#### What you should do
Copy the data that follows exactly. Include no pictures.

Collected data entries
========================================
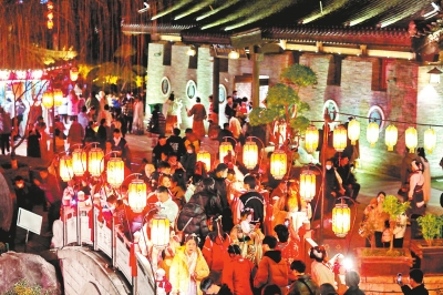 洛邑古城推出的唐風(fēng)市集夜游場(chǎng)景成為漢服約拍的網(wǎng)紅打卡地。洛邑古城供圖
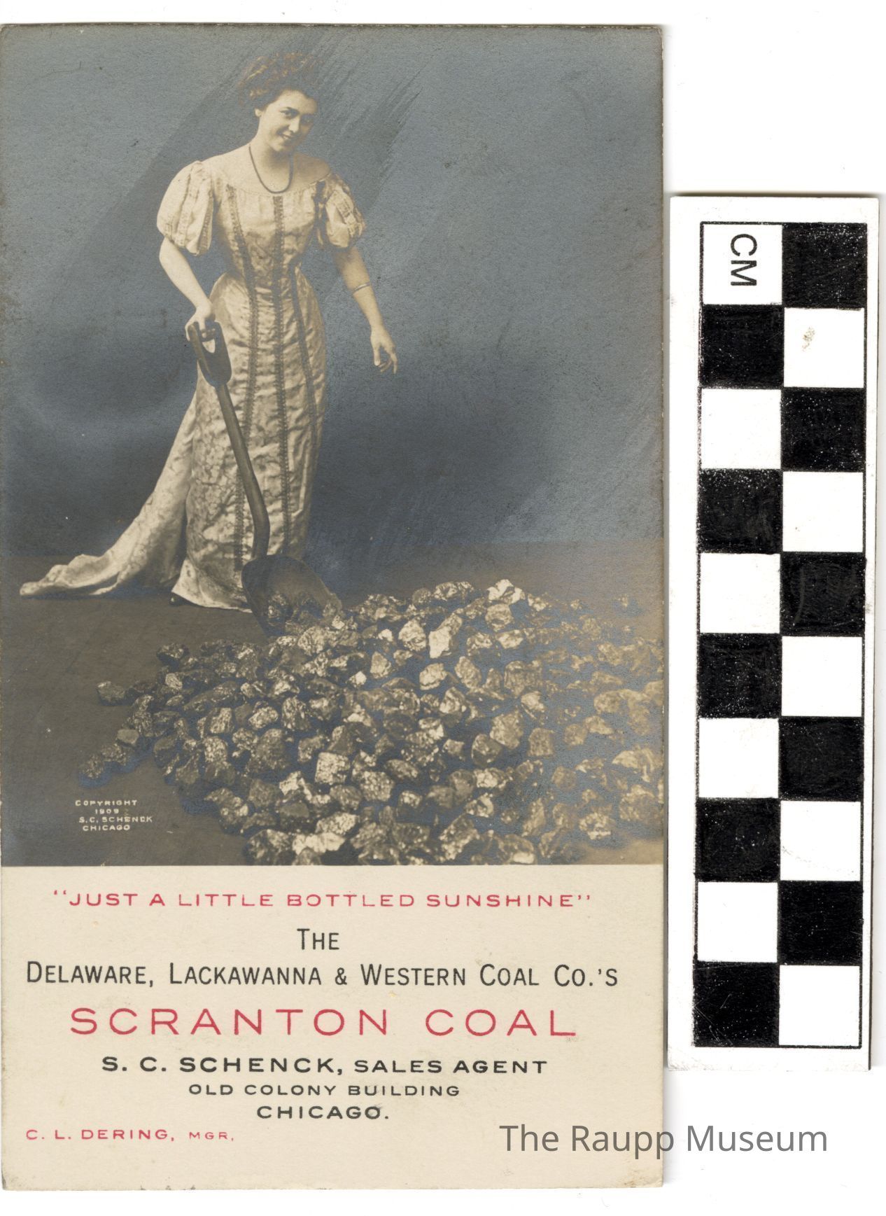 One (1) beige postcard with a black and white photo on the from of a women holding a shovel in her right hand and a pile of coal in front of her. She is wearing a light colored dress with three vertical stripes. On the bottom left corner of the photo is: "copyright 1909 S.C. Schenck Chicago". Below the photo is printed in red and black ink: " "Just a Little Bottled Sunshine"; The Delaware, Lackawanna & Western Coal Co.'s; Scranton Coal; S.C. Schenck Sales Agent; Old Colony Building Chicago; C.L. Dering, MGR."
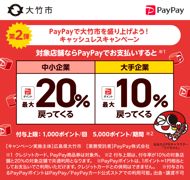 PayPayで大竹市を盛り上げよう!キャッシュレスキャンペーン!規約
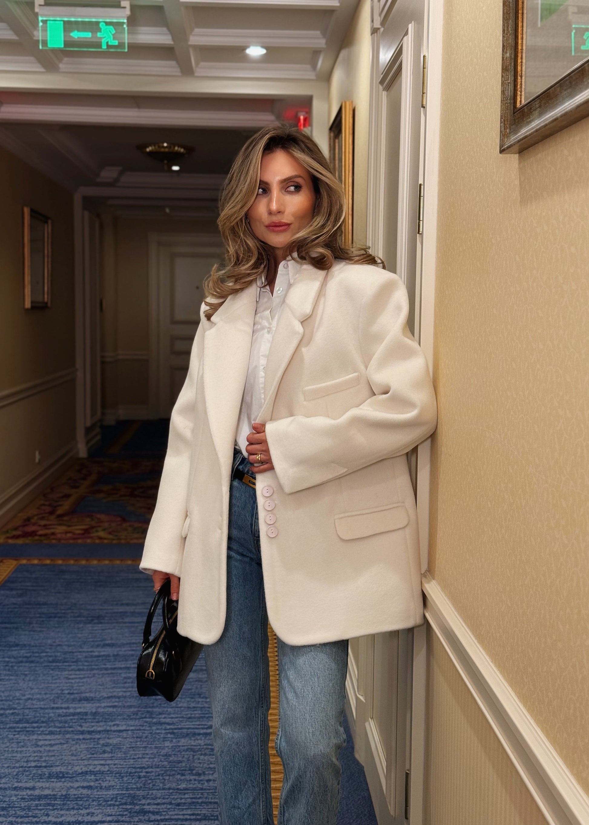 Жакет-пальто у ніжному рожевому відтінку, виконане з костюмної тканини преміум якості. Подовжений силует і лаконічний крій створюють сучасний акцент у гардеробі. Легка елегантність поєднується з практичністю — модель легко інтегрується у щоденні та святкові образи.
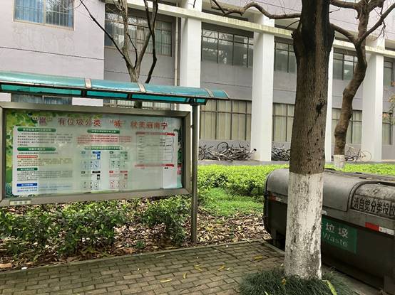 垃圾分类督导:按计划完成垃圾分类督导和宣传、清洁垃圾分类宣传展板、派发垃圾分类宣传单等工作,对校园进行全面巡查,及时处理发现的问题,本周还在行健学院增设两块垃圾分类宣传牌。
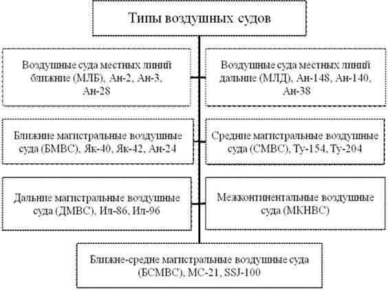 Особое значение для гражданской авиации имеет классификация воздушных судов в зависимости от их дальности полета, в соответствии с рисунком 2.12:
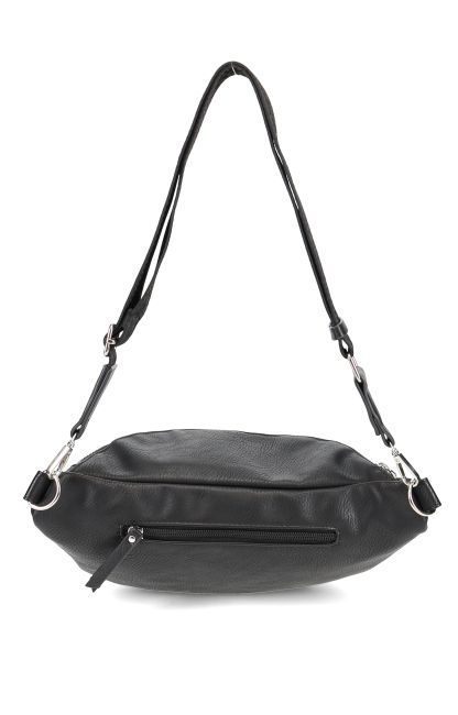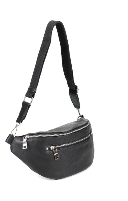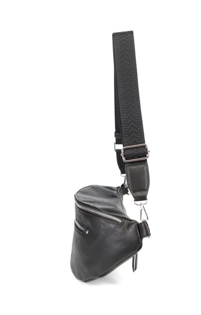 Migantin musta, vyölaukkumaisen ulkonäön omaava crossbodylaukku jonka metalliset yksityiskohdat ovat hopeanvärisiä. Laukussa on säädettävä olkahihna, jonka maksimipituus on solkineen noin 115 cm.
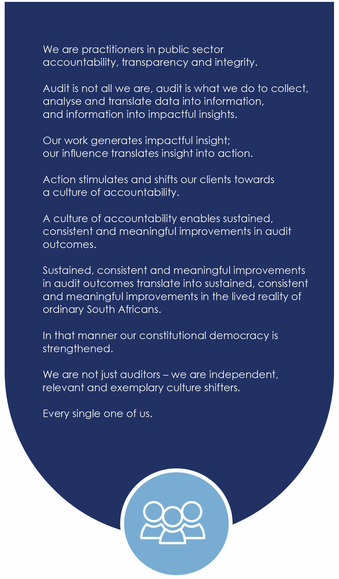 We envisage that by 2030, the AGSA will be associated with a meaningful and sustainable shift of public sector culture to one of performance, accountability, transparency and integrity.
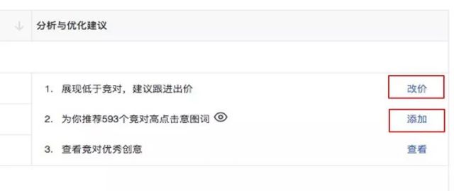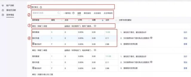 ①算法模型根据该账户每个有效单元的业务点和定向计算出竞争单元,竞争单元中不会包含自身账户的其他单元。下方展示的均为找到竞对的单元,不包含o单元。 ②支持按照单元名搜索单元,支持一键筛选,展现、点击、点击率偏低指的是该单元的展现、 点击、点击率比经对接均值或者竞对标杆对应的数据低;支持按照该单元的展现、点击、、消费、出价排序。 ③下方展现的单元名,该单元的业务点,业务点是根据该单元意图词算出,点击右侧的小眼睛图标可以查看全部业务点。 ④下方展现该单元的近七天均值;竞对均值和竟对标杆的近七天均值;计算原理同竞争账户。 功能3:优化建议 从修改出价和添加意图词两个方面进行优化建议:
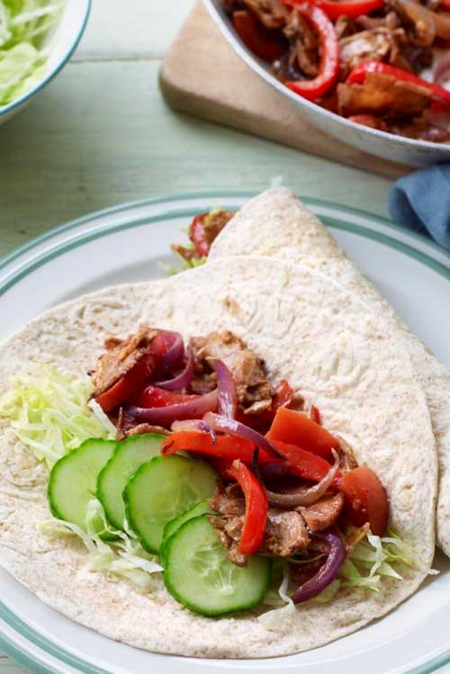 Fry up some cooked pork with peppers and spices to fill a tasty wrap, with salad and soured cream. A fun meal for four that makes leftovers go further.
========================================
#### Answer
 洛邑古城推出的唐風(fēng)市集夜游場(chǎng)景成為漢服約拍的網(wǎng)紅打卡地。洛邑古城供圖
 One (1) beige postcard with a black and white photo on the from of a women holding a shovel in her right hand and a pile of coal in front of her. She is wearing a light colored dress with three vertical stripes. On the bottom left corner of the photo is: "copyright 1909 S.C. Schenck Chicago". Below the photo is printed in red and black ink: " "Just a Little Bottled Sunshine"; The Delaware, Lackawanna & Western Coal Co.'s; Scranton Coal; S.C. Schenck Sales Agent; Old Colony Building Chicago; C.L. Dering, MGR."
 PayPayで大竹市を盛り上げよう!キャッシュレスキャンペーン!規約
 Жакет-пальто у ніжному рожевому відтінку, виконане з костюмної тканини преміум якості. Подовжений силует і лаконічний крій створюють сучасний акцент у гардеробі. Легка елегантність поєднується з практичністю — модель легко інтегрується у щоденні та святкові образи.
 垃圾分类督导:按计划完成垃圾分类督导和宣传、清洁垃圾分类宣传展板、派发垃圾分类宣传单等工作,对校园进行全面巡查,及时处理发现的问题,本周还在行健学院增设两块垃圾分类宣传牌。
 Особое значение для гражданской авиации имеет классификация воздушных судов в зависимости от их дальности полета, в соответствии с рисунком 2.12:
 Migantin musta, vyölaukkumaisen ulkonäön omaava crossbodylaukku jonka metalliset yksityiskohdat ovat hopeanvärisiä. Laukussa on säädettävä olkahihna, jonka maksimipituus on solkineen noin 115 cm.
 We envisage that by 2030, the AGSA will be associated with a meaningful and sustainable shift of public sector culture to one of performance, accountability, transparency and integrity.
 ①算法模型根据该账户每个有效单元的业务点和定向计算出竞争单元,竞争单元中不会包含自身账户的其他单元。下方展示的均为找到竞对的单元,不包含o单元。 ②支持按照单元名搜索单元,支持一键筛选,展现、点击、点击率偏低指的是该单元的展现、 点击、点击率比经对接均值或者竞对标杆对应的数据低;支持按照该单元的展现、点击、、消费、出价排序。 ③下方展现的单元名,该单元的业务点,业务点是根据该单元意图词算出,点击右侧的小眼睛图标可以查看全部业务点。 ④下方展现该单元的近七天均值;竞对均值和竟对标杆的近七天均值;计算原理同竞争账户。 功能3:优化建议 从修改出价和添加意图词两个方面进行优化建议:
 Fry up some cooked pork with peppers and spices to fill a tasty wrap, with salad and soured cream. A fun meal for four that makes leftovers go further.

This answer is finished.